■ Work item:
Give back exactly the lines of the material below, starting with the line with "途中で、崩れかけたけど、そこ" and going on through the line with "祝:2011年3度目のハワイ".

■ Data to examine:
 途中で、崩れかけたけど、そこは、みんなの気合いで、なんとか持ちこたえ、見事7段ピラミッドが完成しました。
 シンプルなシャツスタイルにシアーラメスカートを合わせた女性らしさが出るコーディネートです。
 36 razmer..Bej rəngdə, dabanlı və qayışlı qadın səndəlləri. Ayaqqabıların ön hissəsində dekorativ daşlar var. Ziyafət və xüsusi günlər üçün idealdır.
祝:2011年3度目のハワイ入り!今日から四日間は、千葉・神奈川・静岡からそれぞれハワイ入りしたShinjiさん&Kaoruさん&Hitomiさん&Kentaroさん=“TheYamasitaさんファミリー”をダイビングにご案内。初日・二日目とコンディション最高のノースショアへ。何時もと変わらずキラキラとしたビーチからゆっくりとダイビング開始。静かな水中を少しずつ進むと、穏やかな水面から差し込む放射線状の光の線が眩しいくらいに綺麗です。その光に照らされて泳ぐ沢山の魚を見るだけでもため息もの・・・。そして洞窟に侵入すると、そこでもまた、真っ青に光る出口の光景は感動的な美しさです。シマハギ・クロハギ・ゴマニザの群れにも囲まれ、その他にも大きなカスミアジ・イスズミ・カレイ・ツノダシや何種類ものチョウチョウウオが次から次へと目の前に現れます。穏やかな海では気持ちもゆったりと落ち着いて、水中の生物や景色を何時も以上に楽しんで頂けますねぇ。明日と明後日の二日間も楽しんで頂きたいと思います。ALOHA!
--
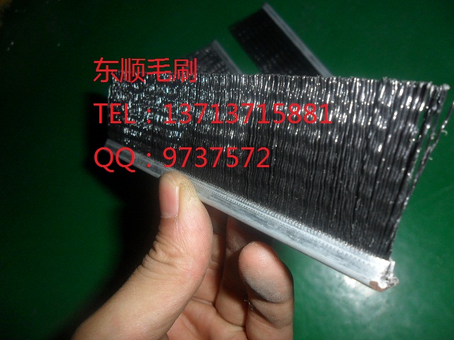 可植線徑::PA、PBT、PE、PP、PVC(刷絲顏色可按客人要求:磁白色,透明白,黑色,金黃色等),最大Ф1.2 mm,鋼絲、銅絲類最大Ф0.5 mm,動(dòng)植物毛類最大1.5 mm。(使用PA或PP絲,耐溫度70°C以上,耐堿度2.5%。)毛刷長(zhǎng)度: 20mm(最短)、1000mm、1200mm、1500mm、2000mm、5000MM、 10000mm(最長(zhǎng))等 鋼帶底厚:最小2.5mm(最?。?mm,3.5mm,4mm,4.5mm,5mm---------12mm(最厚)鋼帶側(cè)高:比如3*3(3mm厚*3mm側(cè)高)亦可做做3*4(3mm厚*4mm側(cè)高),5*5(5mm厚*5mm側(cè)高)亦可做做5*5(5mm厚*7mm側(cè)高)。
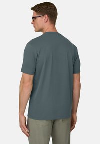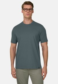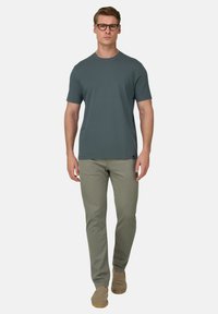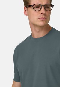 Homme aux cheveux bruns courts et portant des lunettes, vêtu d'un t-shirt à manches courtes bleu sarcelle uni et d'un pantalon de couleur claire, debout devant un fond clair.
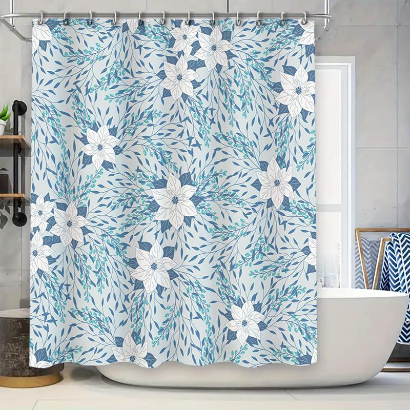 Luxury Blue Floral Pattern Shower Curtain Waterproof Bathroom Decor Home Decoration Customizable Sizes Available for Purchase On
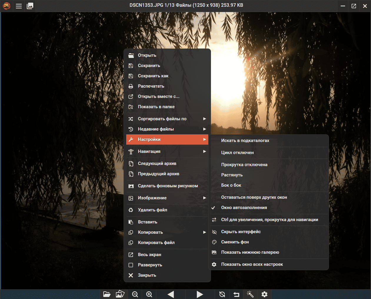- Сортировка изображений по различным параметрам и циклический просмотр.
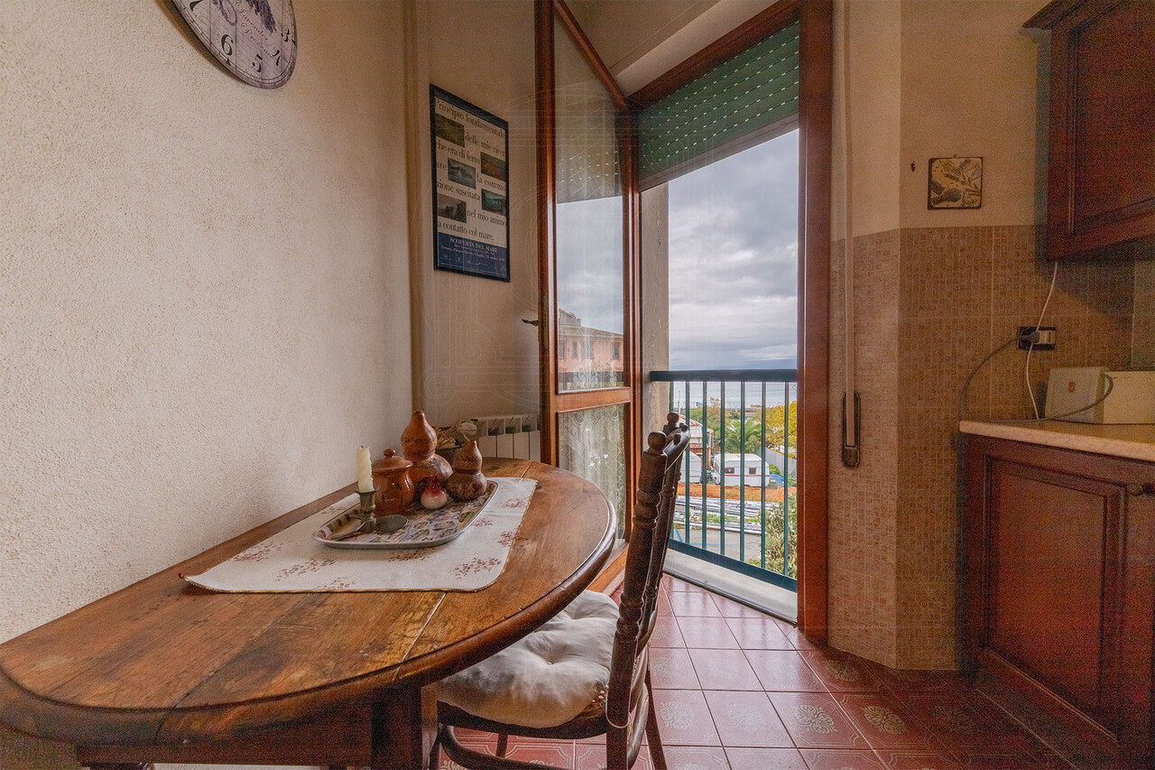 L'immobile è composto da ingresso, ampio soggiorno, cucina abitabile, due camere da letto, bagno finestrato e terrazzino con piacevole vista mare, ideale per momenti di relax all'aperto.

■ Response area:
 途中で、崩れかけたけど、そこは、みんなの気合いで、なんとか持ちこたえ、見事7段ピラミッドが完成しました。
 シンプルなシャツスタイルにシアーラメスカートを合わせた女性らしさが出るコーディネートです。
 36 razmer..Bej rəngdə, dabanlı və qayışlı qadın səndəlləri. Ayaqqabıların ön hissəsində dekorativ daşlar var. Ziyafət və xüsusi günlər üçün idealdır.
祝:2011年3度目のハワイ入り!今日から四日間は、千葉・神奈川・静岡からそれぞれハワイ入りしたShinjiさん&Kaoruさん&Hitomiさん&Kentaroさん=“TheYamasitaさんファミリー”をダイビングにご案内。初日・二日目とコンディション最高のノースショアへ。何時もと変わらずキラキラとしたビーチからゆっくりとダイビング開始。静かな水中を少しずつ進むと、穏やかな水面から差し込む放射線状の光の線が眩しいくらいに綺麗です。その光に照らされて泳ぐ沢山の魚を見るだけでもため息もの・・・。そして洞窟に侵入すると、そこでもまた、真っ青に光る出口の光景は感動的な美しさです。シマハギ・クロハギ・ゴマニザの群れにも囲まれ、その他にも大きなカスミアジ・イスズミ・カレイ・ツノダシや何種類ものチョウチョウウオが次から次へと目の前に現れます。穏やかな海では気持ちもゆったりと落ち着いて、水中の生物や景色を何時も以上に楽しんで頂けますねぇ。明日と明後日の二日間も楽しんで頂きたいと思います。ALOHA!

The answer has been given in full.